Copyright (c) 2000, 2018, Oracle, MariaDB Corporation Ab and others.

Type 'help;' or '\h' for help. Type '\c' to clear the current input statement.

MySQL [(none)]>
Code language: Bash (bash)

You have successfully connected.

Select DB.

MySQL [(none)]> USE tutorial;
Reading table information for completion of table and column names
You can turn off this feature to get a quicker startup with -A

Database changed
MySQL [tutorial]>
Code language: Bash (bash)

You could change the DB.
This means that the initialization process with the CloudFormation custom resource has been successfully executed.

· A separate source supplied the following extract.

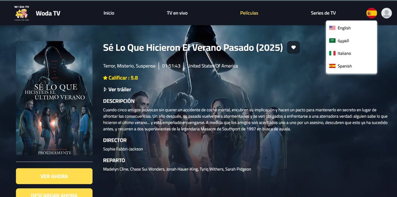 WODA-TV IBO (ADS INGLES) muestra fecha de vencimiento, tiene un diseño diferente para disfrutar TV en vivo y anuncios en inglés de películas y series recomendadas.

Finally, we retrieve all records.

MySQL [tutorial]> select * from planet;
| id | name    |
|  1 | Mercury |
|  2 | Venus   |
|  3 | Earth   |
|  4 | Mars    |
|  5 | Jupiter |
|  6 | Saturn  |
|  7 | Uranus  |
|  8 | Neptune |
8 rows in set (0.01 sec)
Code language: Bash (bash)

A test record has been returned.
It means that the CREATE TABLE and INSERT statements were successfully executed.

As described above, we were able to initialize the DB instance with the CloudFormation custom resource.


We have shown how to initialize a DB using CloudFormation custom resources.